Hero bystander with jiu-jitsu black belt pins shoplifter in 'gift wrap hold' until cops arrive as perp yells, 'Lemme go, homie'

It's the feel-good story of the day, courtesy of CWB Chicago, which deserves a Pulitzer Prize for its ongoing coverage of crime and urban decay.

Christopher Cruz had a bad night.

"Hey, hey homie. Let me go, man, homie," Cruz, bent like a pretzel, begged as 3rd-degree black belt jiu-jitsu instructor Idriz Redzovic pinned him to the floor of an Uptown convenience store Thursday evening.

It didn't work.

"He assaulted a 7-Eleven employee, so I jumped in and took him to the ground and did a gift wrap hold, which is taught in the art of Jiu-Jitsu," Redzovic explains. He teaches the martial art at Supreme Jiu-Jitsu Chicago.

Mr. Redzovic, in addition to being a heroic martial arts master, is a bit of a philosopher.  The video he took while he held Cruz contains quite a discussion about the attempted justification the perp offered.  He also displayed real grace:

The task was so easy, Redzovic even propped his phone up to livestream everything. At one point, Redzovic's car alarm activated outside. Redzovic cooly changed his hold on Cruz so he could deactivate the alarm with his key fob.
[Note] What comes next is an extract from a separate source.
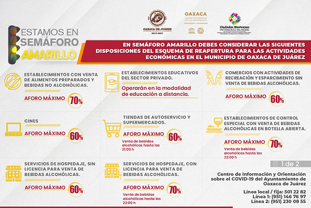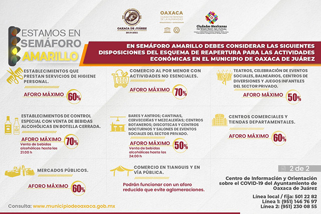 Este esquema establece que, en semáforo amarillo, los establecimientos con giros de venta de alimentos preparados y bebidas no alcohólicas, pueden funcionar con un aforo máximo del 70 por ciento. En tanto que bares y antros, así como aquellos con licencias de cantinas, cervecerías, mezcalerías, centros botaneros, discotecas, centros nocturnos y salones de eventos sociales del sector privado podrán funcionar con un aforo máximo del 50 por ciento, el horario para la venta y consumo de bebidas alcohólicas se restringe hasta las 24:00 horas y con estricto apego a los Lineamientos técnicos específicos para la reapertura de la actividad comercial en el municipio de Oaxaca de Juárez.

"What are you, Russian?" Cruz asks. "Syrian?"

"I’m Bosnian," Redzovic replies.

"We're Bosnian homies!" Cruz pleads.

"You're a Bosnian nothing," counters Redzovic.
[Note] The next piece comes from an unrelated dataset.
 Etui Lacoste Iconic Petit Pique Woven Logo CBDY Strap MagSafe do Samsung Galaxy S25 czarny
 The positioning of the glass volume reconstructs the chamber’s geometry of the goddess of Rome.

Watch and enjoy a real-life hero in action:

Photo credit: Facebook video screen grab (cropped).

Andrea Widburg adds: Brazilian jujitsu (BJJ) is a beautiful martial art that combines wrestling and traditional Japanese jujitsu.  When done right, it can turn a bad guy into a pretzel in just a few minutes, all without causing him any serious, or even minor, damage.  It was certainly beautifully done in Uptown Chicago when a third-degree BJJ blackbelt tackled and held a young man who thought he could get away with assaulting a 7-Eleven clerk.

Idriz Redzovic, originally from Bosnia, holds a third-degree black belt in BJJ and is a martial arts instructor.  If his belt is purely for BJJ, he's an incredibly accomplished fighter, because BJJ has the slowest belt progression of any martial art.  I always likened BJJ to physics in real time.  It's not a striking martial art, and, unlike Japanese jujitsu, which is mostly a standing form of the art, BJJ takes place on the floor, using physics to trap an opponent.

That's exactly what Redzovic did — trap an opponent — when he saw Christopher Cruz punch a 7-Eleven employee after first stealing food.  He quickly got Cruz wrapped up, with his arms completely immobilized and Redzovic's weight on his body, blocking his legs and trapping one of his elbows. 

If it were up to me, I'd find a reputable martial arts dojo for every kid.  Those kids who can do martial arts have so much confidence that they seldom get involved in fights at school, and if they do, they do so defensively, not offensively.  I used to go to a dojo in San Francisco where all the black belt kids went to tough high schools.  All of them stayed out of trouble, and everyone in their schools, knowing their belt ranks, didn't push them.

Sadly, I didn't start martial arts until I was in my 40s, and my joints gave out by the time I was in my 50s.  If I could do it all over again, I'd start at 6 and make it a lifetime commitment.

Hat tip: Peter von Buol.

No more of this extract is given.